Comment by croes
6 hours ago
France is part of the EU power grid and flexibility comes from that not from nuclear power plants. And the government had to rise the subsidies for nuclear energy to prevent higher rises of the energy prices. The costs for the consumers still raised.
And their power plants were in trouble in the last hot summer because the rivers were too hot to be used for cooling. Won‘t be the last time. And that will be a big problem when people turn on their AC in a heat wave but the power plants can’t power up because they don’t have enough cool water.
And that was before drone wars were a thing.
People react nervously when unknown drones fly around airports and power plants.
And didn’t we learn from the internet that centralization is a bad thing? Nuclear power plants are exactly that.
Imagine a grid where every consumer is also a producer who can satisfy their energy needs at least partially for themselves even without the grid. Try to blackout that.
"France is part of the EU power grid and flexibility comes from that not from nuclear power plants." - blatant lie. You can see in generation data they are flexing a lot in the summer. https://www.services-rte.com/en/view-data-published-by-rte/g...
"And their power plants were in trouble in the last hot summer" - blatant lie. Cooling was fine, it's env protection law to avoid damaging the fauna(read - to not boil fish). Yet, it affects about 0.02% of annual generation and valid almost exclusively to NPP without cooling towers. Yet in those exact periods EDF was net exporting about 14GW to neighbors, again, data is public. French nukes can handle ppl's AC's just well, probably EDF even hopes for that to modulate their npp less and get more $
Why people always spread such nonsense without even checking the facts? Like https://www.vie-publique.fr/files/rapport/pdf/288726.pdf
"And didn’t we learn from the internet that centralization is a bad thing? Nuclear power plants are exactly that." France has a combination of centralized and decentralized power - npp's are distributed around the country but each can generate a lot of power. Even more distribution and you start paying a ton for transmission lines and maintenance. That's the reason Germany started subsidizing them from this year, with about 6bn/y. Full decentralization is not a feature and you still can't achieve it since transmission system is centralized, prime example being recent cascade blackout in Spain.

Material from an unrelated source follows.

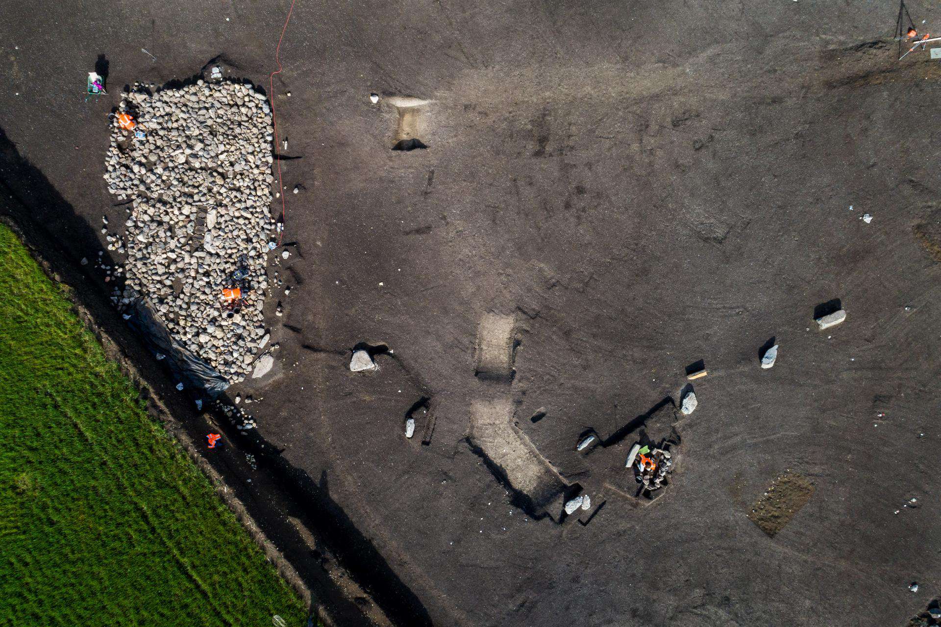 A view of the cairn and grave from higher up. Image via INRAP.[/caption]

"Imagine a grid where every consumer is also a producer who can satisfy their energy needs at least partially for themselves even without the grid. Try to blackout that." - that'll mean having to need a fully parallel grid for firming. Besides, a lot of home solar are grid followers - if there's a blackout, it'll shut down too unless you have a special invertor+bess which many dont have (yet)
"And that was before drone wars were a thing." - a drone would do nothing to a NPP. Even an airplane impact can be tolerated depending how new is the NPP.
> Cooling was fine, it's env protection law to avoid damaging the fauna(read - to not boil fish)
You do understand what the point of environmental protection is?
If you kill the flora and fauna you are not environment friendly.
Yes, i understand it very well
The problem is you framed it as
1- not being able to cool reactors physically, which is false
2- being a major deal, when it affects only 0.2% of generation per year, during a period when EDF is net exporting about 14GW to the neighbors
3- being an unfixable issue, which is again false. The problem exista for reactors without cooling towers. EDF can fix it by building them. But there's no financial incentive here. Where would EDF sell extra power when export is already maximized in that same timeframe and market prices in summer are low?